De la ausencia total de libertad de expresión y extensión de los comunistas infiltrados desde las checas, también fue consciente Ángel Pestaña que relató el viaje del viejo anarquista Pedro Kropotkin a Moscú para ver a Lenin, que no lo recibió. Iba a pedirle que no se ejecutara a diez cooperativistas. Uno de ellos había comentado en su taller que “sería precisa una conspiración de todos los descontentos con el régimen bolchevique para destruirlo. Estas palabras llegaron a oídos del tchequista y las trasmitió a la Comisión extraordinaria, la que ordenó el arresto y procesamiento de los diez individuos. Conocedor Pedro de cómo habían pasado las cosas, al saber que iban a ser juzgados y de que el acusador soviético pedía pena de muerte, quiso hablar con Lenin para decirle que “el fusilamiento de aquellos diez hombres sería la vergüenza mayor, la mancha más negra que el bolchevismo se echaría encima”. Y consiguió su intento. Los libró de la muerte; aunque no de los diez años de presidio a que cada uno de ellos fueron condenados.”

Significativo fue, contó Pestaña, el juicio emitido por el viejo Kropotkin, tan admirado por los anarquistas españoles, sobre el comunismo: “Para él, Lenin y sus teorías, como el comunismo de Carlos Marx y de todos los marxistas, no era otra cosa que las teorías de Babeuf[1] barnizadas con algunos modismos de actualidad. Un día nos preguntó si de regreso a España escribiríamos algo sobre Rusia.—Si escribís un libro hablando de Rusia, tituladlo “Comment on fait pas une revolution” (“Cómo no se hace una revolución”). Porque toda la crítica que se haga de los bolcheviques y de su modo de interpretar la revolución debe tender justamente a demostrar cómo no es posible hacer una revolución adoptando sus sistemas y premisas.”

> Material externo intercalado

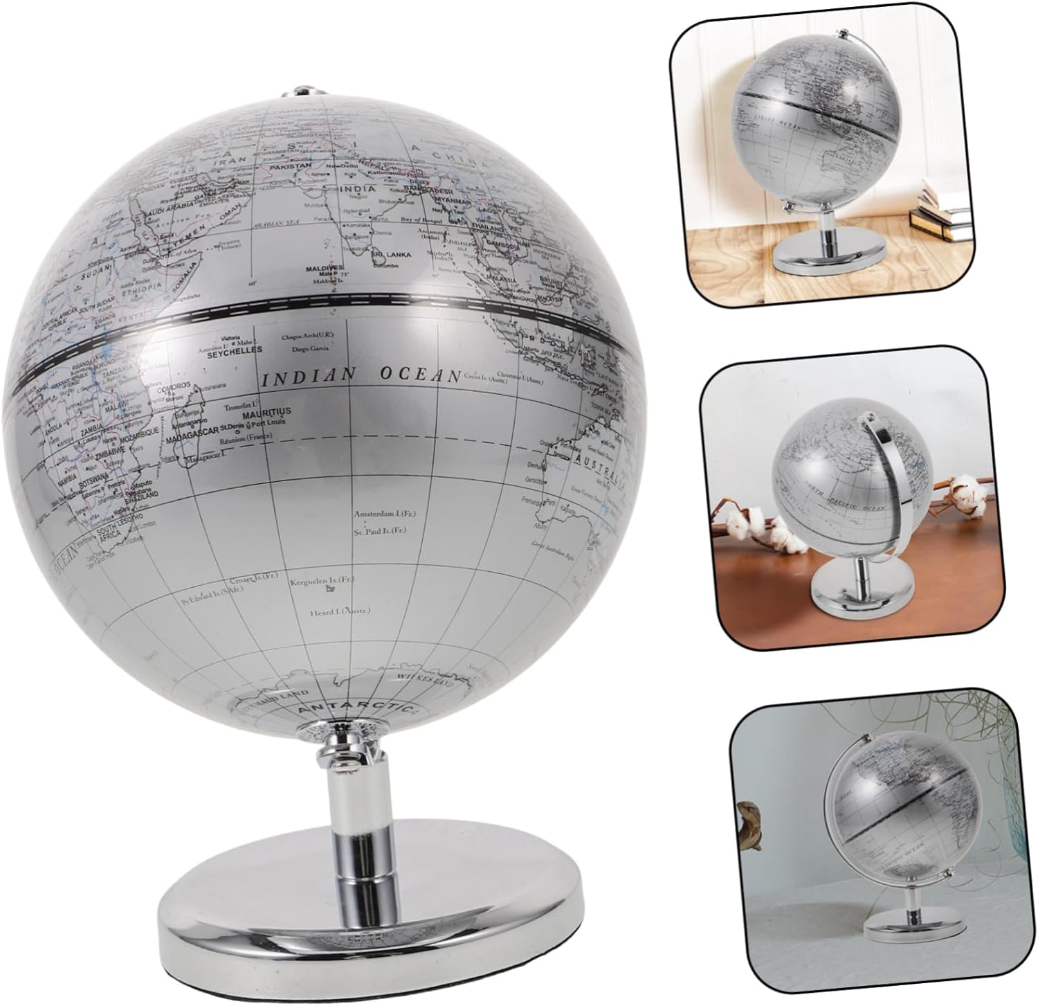 Costruzione: realizzato con materiali in pp, questo globo è progettato per essere durevole, decorazione del globo del mondo da scrivania, mappa del globo del mondo Globo terrestre in plastica: questo globo non è solo un bellissimo pezzo decorativo, ma ha anche uno scopo funzionale come risorsa educativa, decorazione a sfera 3d Globo scolastico per l'aula: questo globo è un eccellente strumento educativo, che aiuta gli utenti ad acquisire una comprensione più approfondita della geografia e della ricca diversità delle culture in tutto il mondo, globo del mondo degli insegnanti Design contemporaneo: la finitura argentata di questo globo offre un aspetto contemporaneo che adatta bene all'arredamento moderno, all'ornamento rotondo della , alla decorazione della mappa del mondo Stile raffinato: il globo argentato aggiunge un tocco raffinato e sofisticato a qualsiasi di ufficio o casa, globo del mondo scolastico, strumento didattico scolastico

En un segundo libro, “Setenta días en Rusia: lo que yo pienso”, su descripción fue más descarnada:

“La dictadura del partido se hace más ostensible cada día. Ya no oculta sus vergüenzas como al principio: menos púdica y más desenvuelta, se lanza a la calle y desafía con la Tcheka a quien pretenda discutir su genealogía. Y juzga y condena a muerte, y ejecuta a algunos duques y príncipes; no salen mejor librados algunos bandidos y desgraciados; pero el mayor contingente lo dan aquellos que no quieren someterse a la tutela del partido bolchevique, que rechazan esa misma dictadura, que combaten la tiranía ejercida en nombre y provecho de quienes la implantaron. Sistemáticamente, se elimina por la muerte a todo adversario un poco peligroso.  Se le acusa de contrarrevolucionario, de entenderse y comunicarse con los jefes reaccionarios que en los Estados limítrofes conspiran y preparan movimientos para restaurar el antiguo régimen, y antes de poderse defender de la infame acusación, la Tcheka ya ha hecho su obra. Los sacrificados suman centenares y miles. Sobre sus cadáveres, va asentando su poder el partido comunista. ¡Todo esto, según los cánones bolcheviques, se ejecuta para el triunfo de “la dictadura del proletariado”, sin que el proletariado—! cuántos crímenes se cometen en su nombre! — se entere ni se mezcle en nada.”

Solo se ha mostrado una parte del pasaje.